3. Clouds of Sils Maria d. Olivier Assayas
What grabbed me the most were the performances. Especially Kristen Stewart. Stewart’s one of those actresses that people have trouble disassociating from her off-screen baggage. She does good work, more often than people realize, and yet people enjoy tearing her apart for decisions that don’t concern them: who she sleeps with, how she parties, what she does with her life. It’s great seeing her play a character unblemished by the lime light. She’s the no-name here, the lightning rod for the calamitous war raging between youth and age, between Maria Enders (Juliette Binoche) and Jo-Ann Ellis (Chloe Grace Moretz). Stewart brilliantly underplays the reserved, post-ironic Valentine, who’s frazzled from the get-go handling her boss’s myriad of smart phones, phone calls, emails, messages, etc. We watch her as she grows less and less comfortable in her skin, as she gradually crumples under the weight of dealing with an actress, Enders, who’s spooked by her own age. Stewart’s Valentine pumps a vital life force into this movie. She is the heart. And because of it, the movie suffers—just a bit—when she disappears, like sun-kissed vapor.
2. Mommy d. Xavier Dolan
I’ve never seen such an intimate character study so frenetic in its desperation to claw its way out of its own frame, literally and figuratively. This movie bursts with life, with verve, with color and vibrancy and unapologetic emotion. Why opt for 3D when you can see something as propulsive, as wonderfully abrasive as French Canadian wunderkind Xavier Dolan’s 1:1 framed story of a single mother struggling and fighting as hard as she can to contain the one she loves: her berserker son? The movie strikes out with primeval frustration that’s deftly balanced with small and specific moments of familial bliss, like an unforced dance in the kitchen between our three leads. No one’s safe from their baser side here, no one’s excluded from dimension, from all fifty shades of gray.

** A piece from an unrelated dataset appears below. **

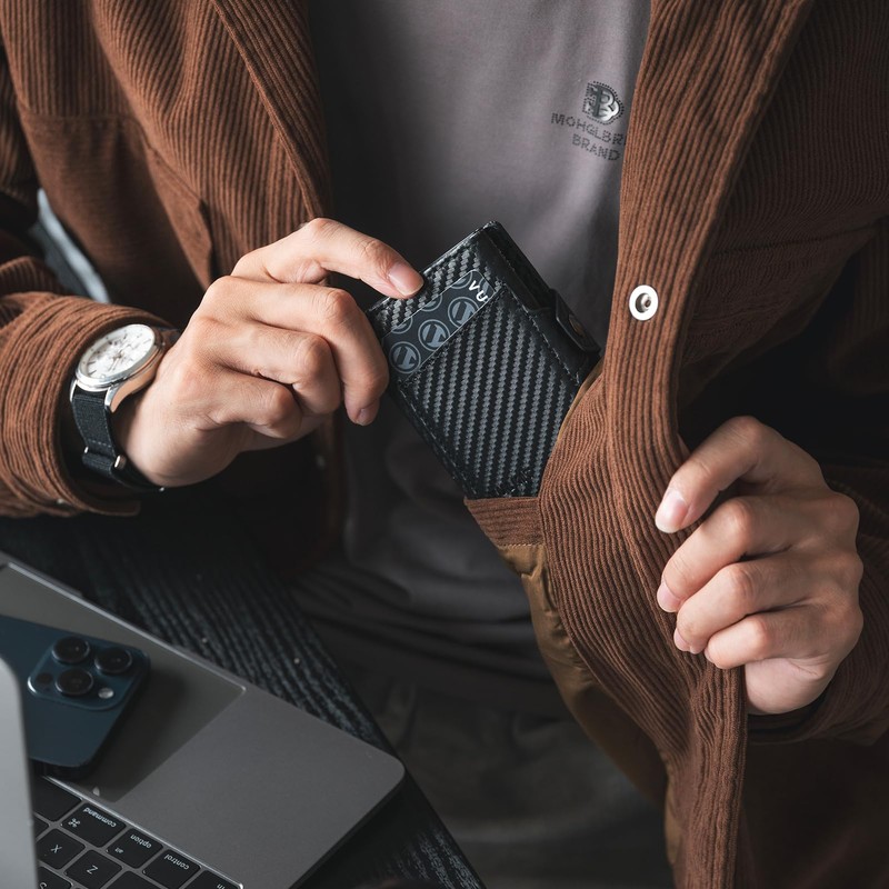 • One-Touch Card Access: The integrated aluminum card holder allows for one-click pop-up access, letting you retrieve your most-used cards quickly and smoothly

People make mistakes, they do right, they play the villain, they roll supreme as the hero, they vacillate, and they hate themselves for it. They hurt because they love, they hurt because they can’t control that love and who it’s directed towards. They hurt because people hurt. That’s just what they do.
1. Mad Max: Fury Road d. George Miller
A lot has been said about this movie. How Max and Furiosa’s journey 180s pointlessly, how it’s not as feminist as Miller seems to think it is, how Tom Hardy has been marginalized as a performer, how chauvinists the world over have deemed it as reprehensible propaganda out to strip men of their might. To beat your brain over such inconsequential nonsense is to totally miss the point. This is pure cinema. It’s movies like this that argue most convincingly for the continued life of movie theaters. If everything was as feeble and uninspired asJurassic World and Michael Bay’s never ending Transformers series, then sure, I’d understand the call for world domination vis-à-vis Netflix. (Mind you: I will never be okay with movie theaters going the way of the dinosaur—realdinosaurs—but then again, I will never begrudge people for pointing at Bay and his lumbering idiot of a series when arguing for the dismantling of movie theaters). People need to let go of their pretensions, their blockbuster fatigue, and wake the fuck up. Because if they don’t, they’re going be too late to the party and discover Fury Road years down the line on a screen way too small. And that’s straight-up criminal. See it now, see it big. For this is a lovely day. The loveliest. Because Mad Max is still in theaters for everyone to rectify their sins with those (Miller) who they have wronged.
Some Honorable Mentions: The Kingsman: The Secret Service, Furious Seven, Cinderella, Tangerines, Far From the Madding Crowd, and Going Clear: Scientology and the Prison of Belief.